### Exercise instructions
Would you transcribe the entries below, beginning at the line with "Grohe Pack WC" and ending after the line with "做出山的形状,用叉子划出凹凸", exactly, with no picture and nothing more?

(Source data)
=-=-=

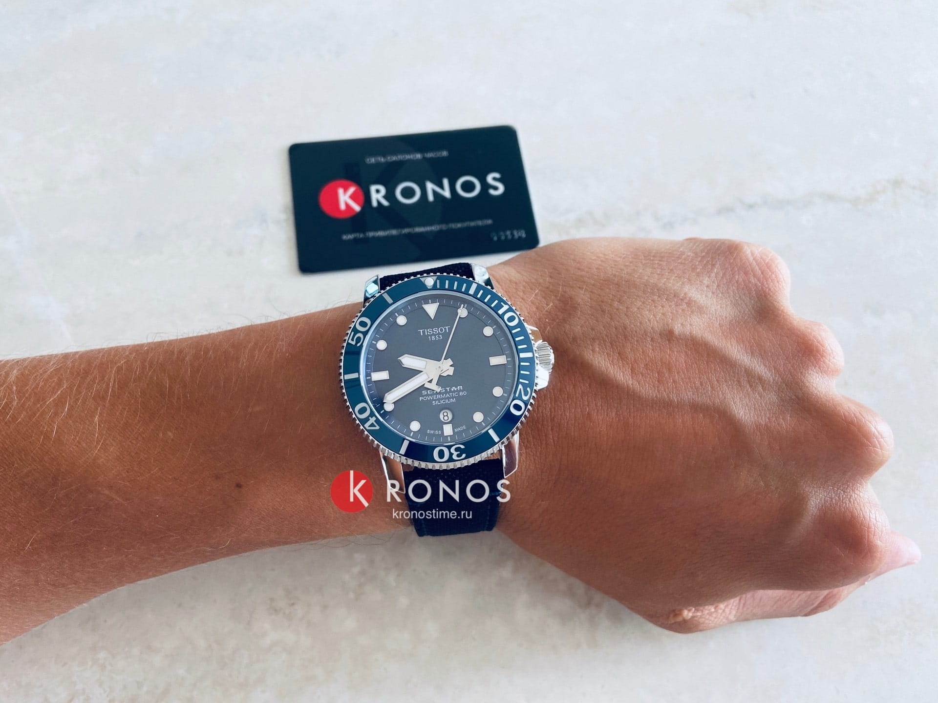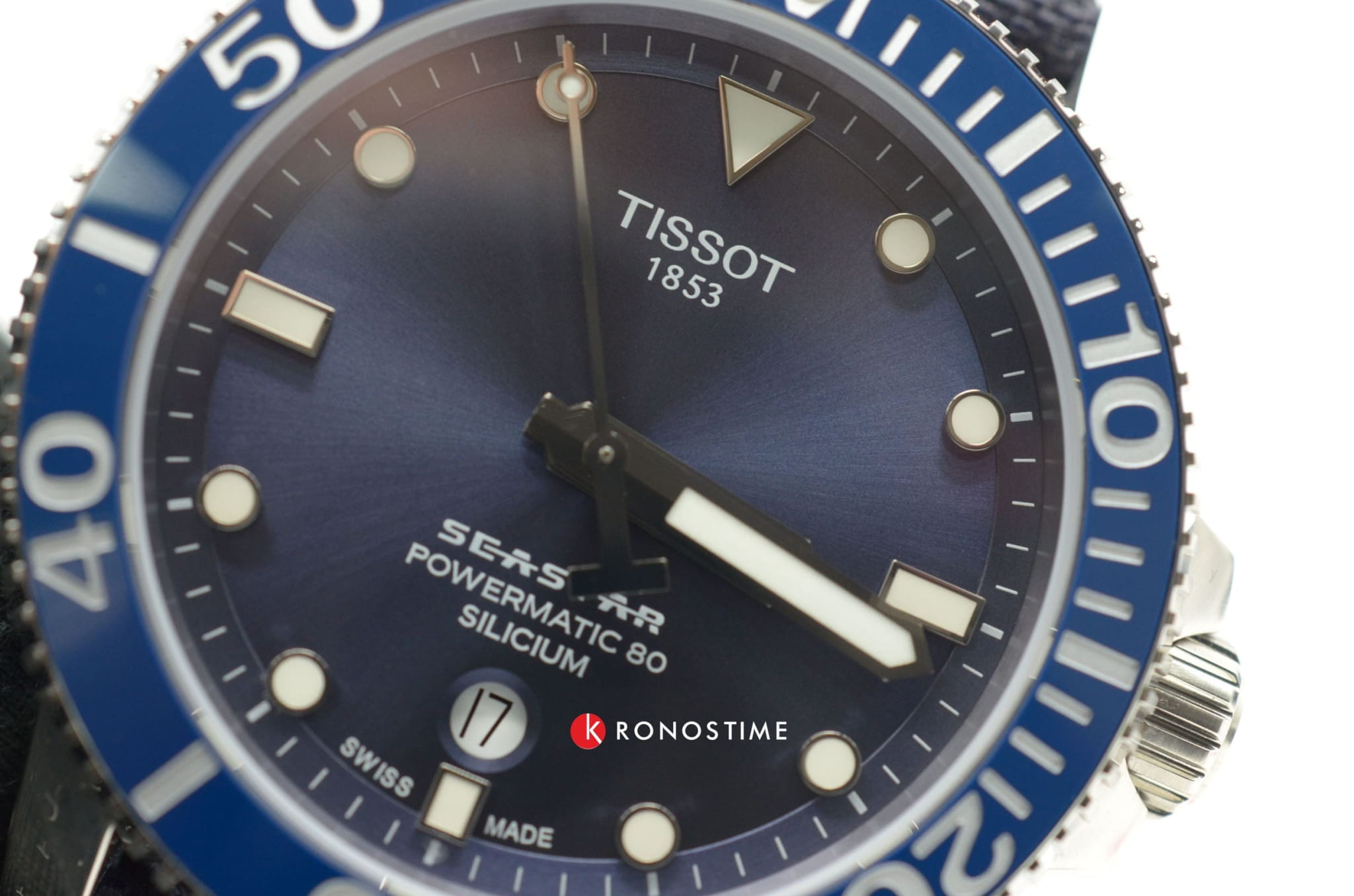 Наручные часы в синем исполнении идеально подойдут к любой одежде, массивный циферблат добавляет образу солидности и респектабельности. Внутри стального корпуса с керамическим безелемБезельВнешний ободок, закрепляющий стекло. В спортивных часах так называется поворотное кольцо с делениями на циферблате, выполняет роль таймера – замеряет отрезки времени на шкале. Неподвижный безель – элемент декора. Однонаправленно вращающийся безель на дайверских часах позволяет фиксировать моменты погружения и выныривания на поверхность. находится высокоточный автоматический калибр от ETA Powermatic 80 SiliciumPowermatic 80 SiliciumМеханизм обладает самой высокой точностью хода за всю историю Tissot. Дополняется уникальной кремниевой спиралью, минимизирующей воздействие магнитных полей и перепада температур. Сохраняется запас хода до 80 часов благодаря удлиненной заводной пружине и снижению трения в системе спуска. с запасом хода 80 часов. Сохраняется водостойкость при давлении 30 бар, этому способствуют заводная головка и скелетонизированная задняя крышка, которые завинчиваются. Люминесцентная подсветкаЛюминесцентное покрытиеПозволяет считывать показания времени в темноте. Производители наносят на стрелки, часовые индексы, безель или поверхность циферблата светонакопительный состав, дающий холодное свечение.. Удобный тканевый ремешок. . Габариты: 43 x 43 x 12,7 мм.
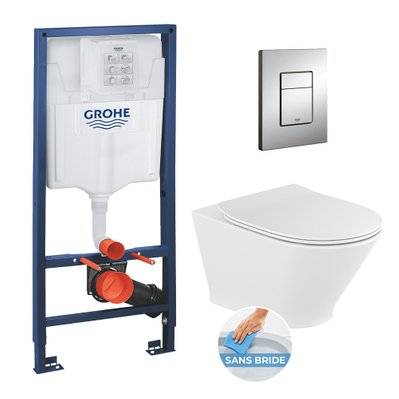 Grohe Pack WC Rapid SL + cuvette sans bride Roca The Gap Round abattant softclose plaque Skate Cosmopolitan chrome
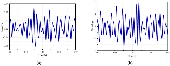 After conducting numerical simulation for the aforementioned conditions, the motion time histories are depicted in Figure 10 and Figure 11. Because of the numerical simulation spanning 500 s, only partial time histories are displayed.
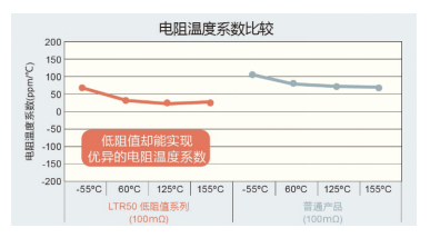 一般情況下,電阻值越低,電阻溫度系數越大,但本系列產品通過優(yōu)化電阻體元件結構,實現了業(yè)界頂級的電阻溫度系數。例如,在100mΩ時LTR50系列實現了±100ppm/℃的電阻溫度系數,可確保使用過程中具有穩(wěn)定的電阻值。
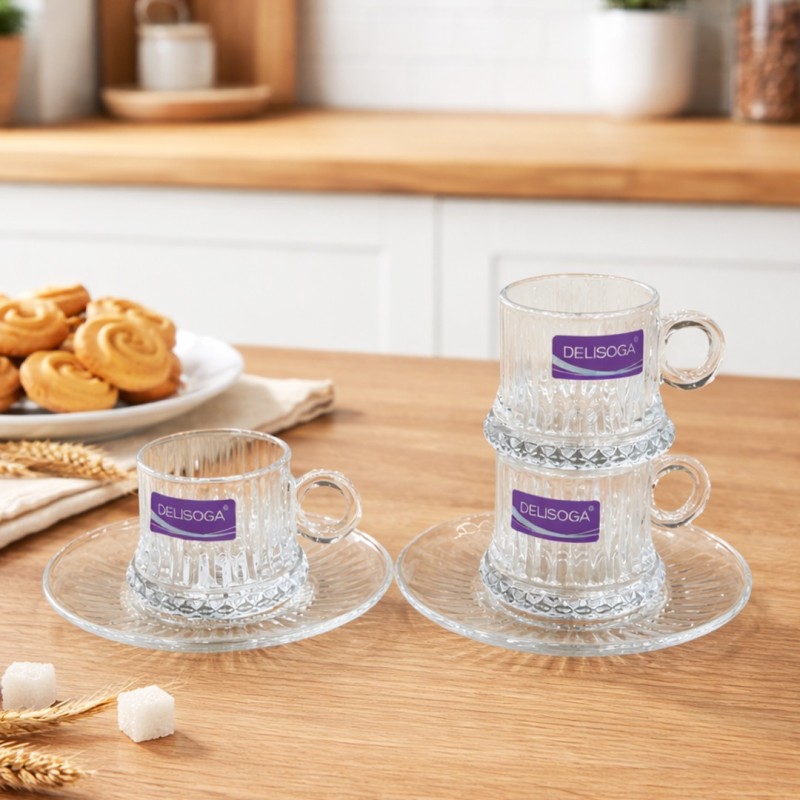 Apportez une touche raffinée à vos moments café avec ce service à café en verre DELISOGA, composé de tasses élégantes et leurs soucoupes assorties. Son verre travaillé avec relief décoratif et sa finition dorée délicate offrent une présentation chic et moderne. Parfait pour servir espresso, café turc ou café serré, ce service met en valeur votre table tout en restant pratique pour un usage quotidien. Sa transparence élégante permet de sublimer la couleur de votre café et d’impressionner vos invités.
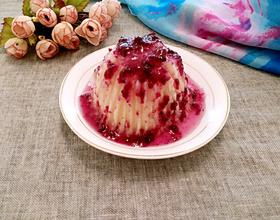 做出山的形状,用叉子划出凹凸不平感来(这个有点高了,后面我该成矮的了)再浇上蓝莓酱就可以了
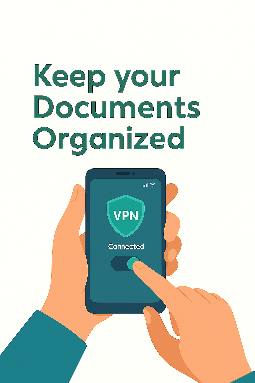/Collection: /by davooda/Type: PNG/Illustrative graphic showcasing a mobile phone interface emphasizing the importance of document organization with added VPN security. Ideal for tech-related marketing.
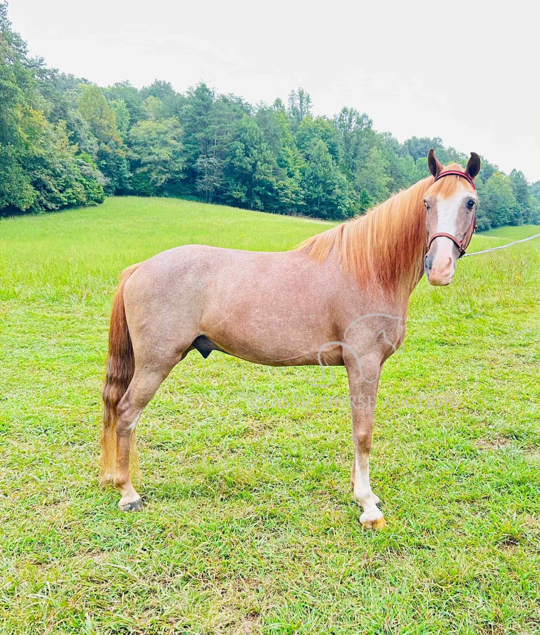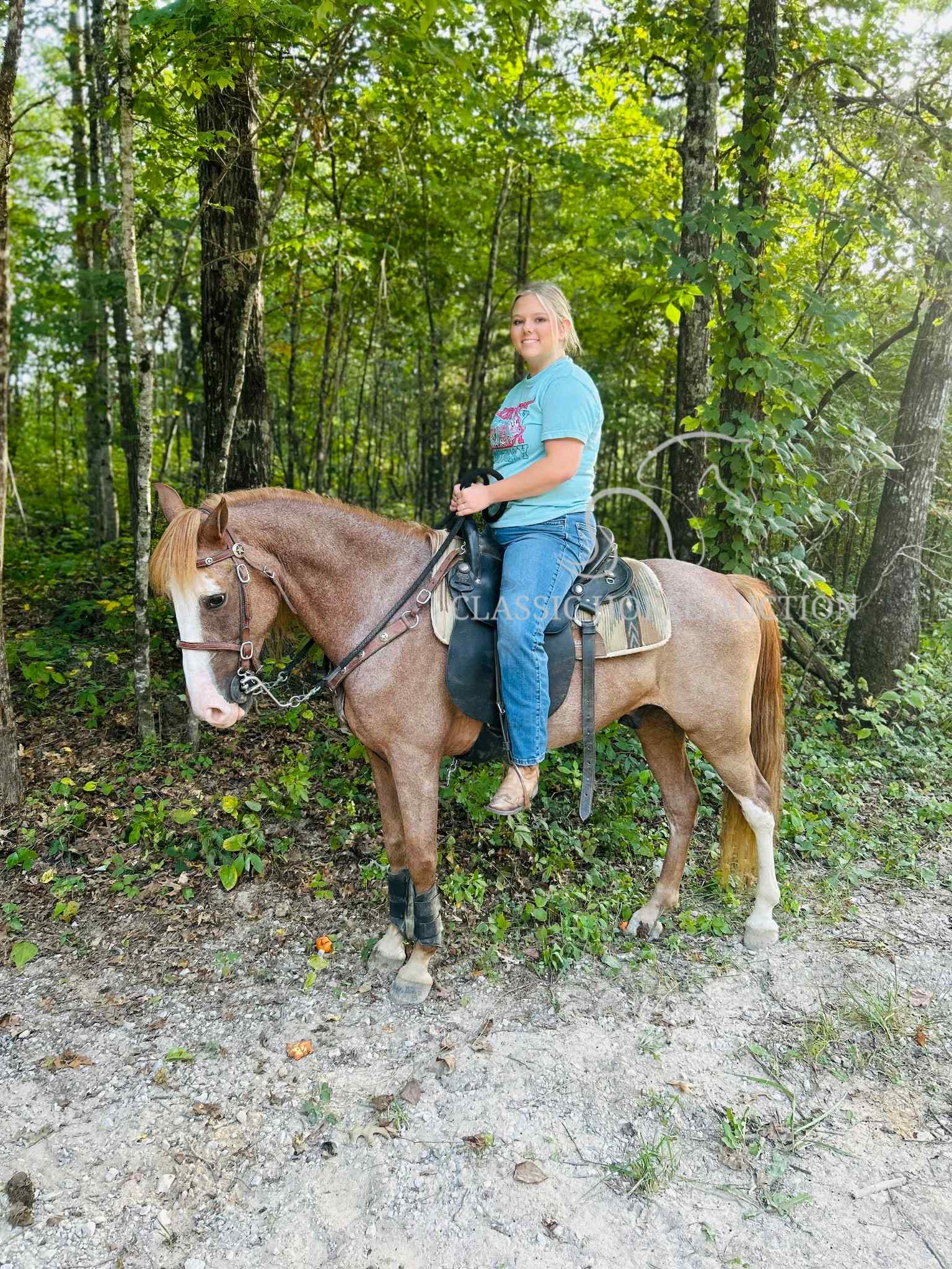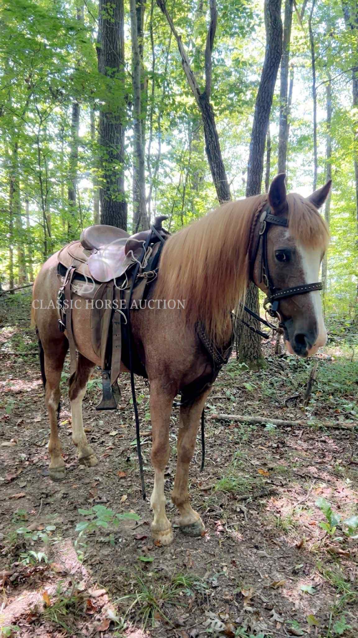 We proudly introduce to you, Billy, a 12 yr old grade TWH gelding. Billy is a beautiful sorrel sabino or as many old timers would say, a strawberry roan. He has an eye catching blaze, along with enough white markings to add some chrome. Billy also has a healthy, thick, blonde mane and tail! He isn’t just a pretty face though, Billy is an experienced trail mount! Billy has seen countless miles of trail riding, along with numerous camping trips. He has been both stalled and picket lined while camping. Billy easily loads and backs off the trailer with no fuss. He has encountered wildlife such as, deer, squirrels, rabbits, etc. while trail riding. He confidently crosses water, downed trees, and travels strategically through rocky and rugged terrain. He has spent many hours in the backwoods where the terrain requires skill.

=-=-=

### Exercise solution
 Grohe Pack WC Rapid SL + cuvette sans bride Roca The Gap Round abattant softclose plaque Skate Cosmopolitan chrome
 After conducting numerical simulation for the aforementioned conditions, the motion time histories are depicted in Figure 10 and Figure 11. Because of the numerical simulation spanning 500 s, only partial time histories are displayed.
 一般情況下,電阻值越低,電阻溫度系數越大,但本系列產品通過優(yōu)化電阻體元件結構,實現了業(yè)界頂級的電阻溫度系數。例如,在100mΩ時LTR50系列實現了±100ppm/℃的電阻溫度系數,可確保使用過程中具有穩(wěn)定的電阻值。
 Apportez une touche raffinée à vos moments café avec ce service à café en verre DELISOGA, composé de tasses élégantes et leurs soucoupes assorties. Son verre travaillé avec relief décoratif et sa finition dorée délicate offrent une présentation chic et moderne. Parfait pour servir espresso, café turc ou café serré, ce service met en valeur votre table tout en restant pratique pour un usage quotidien. Sa transparence élégante permet de sublimer la couleur de votre café et d’impressionner vos invités.
 做出山的形状,用叉子划出凹凸不平感来(这个有点高了,后面我该成矮的了)再浇上蓝莓酱就可以了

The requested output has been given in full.